College of Chemistry, Fuzhou University, Fuzhou, 350108, China.
Shenzhen Key Laboratory of Pathogen and Immunity, National Clinical Research Center for Infectious Disease, State Key Discipline of Infectious Disease, Shenzhen Third People's Hospital, Second Hospital Affiliated to Southern University of Science and Technology, Shenzhen, China.
Antiviral Res. 2022 Oct;206:105389. doi: 10.1016/j.antiviral.2022.105389. Epub 2022 Aug 17.

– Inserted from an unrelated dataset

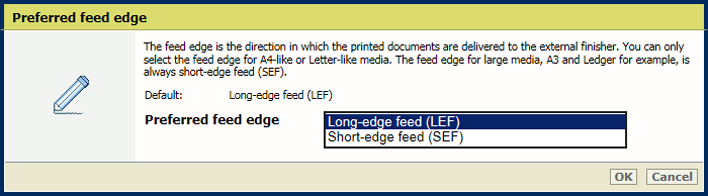 [Error recovery method] settingUse the [Preferred feed edge] setting to indicate the default feed direction of the sheets to the external finisher.

The severe acute respiratory syndrome coronavirus-2 (SARS-CoV-2) helicase NSP13 plays a conserved role in the replication of coronaviruses and has been identified as an ideal target for the development of antiviral drugs against SARS-CoV-2. Here, we identify a novel NSP13 helicase inhibitor punicalagin (PUG) through high-throughput screening. Surface plasmon resonance (SPR)-based analysis and molecular docking calculation reveal that PUG directly binds NSP13 on the interface of domains 1A and 2A, with a K value of 21.6 nM. Further biochemical and structural analyses suggest that PUG inhibits NSP13 on ATP hydrolysis and prevents it binding to DNA substrates. Finally, the antiviral studies show that PUG effectively suppresses the SARS-CoV-2 replication in A549-ACE2 and Vero cells, with EC values of 347 nM and 196 nM, respectively. Our work demonstrates the potential application of PUG in the treatment of coronavirus disease 2019 (COVID-19) and identifies an allosteric inhibition mechanism for future drug design targeting the viral helicases.
严重急性呼吸综合征冠状病毒 2(SARS-CoV-2)解旋酶 NSP13 在冠状病毒的复制中发挥保守作用,已被确定为开发针对 SARS-CoV-2 的抗病毒药物的理想靶点。在这里,我们通过高通量筛选鉴定出一种新型 NSP13 解旋酶抑制剂鞣花酸(PUG)。基于表面等离子体共振(SPR)的分析和分子对接计算表明,PUG 直接结合 NSP13 在结构域 1A 和 2A 的界面上,K 值为 21.6 nM。进一步的生化和结构分析表明,PUG 抑制 NSP13 的 ATP 水解,并阻止其与 DNA 底物结合。最后,抗病毒研究表明 PUG 能有效抑制 A549-ACE2 和 Vero 细胞中 SARS-CoV-2 的复制,EC 值分别为 347 nM 和 196 nM。我们的工作证明了 PUG 在治疗 2019 年冠状病毒病(COVID-19)中的应用潜力,并确定了针对病毒解旋酶的未来药物设计的变构抑制机制。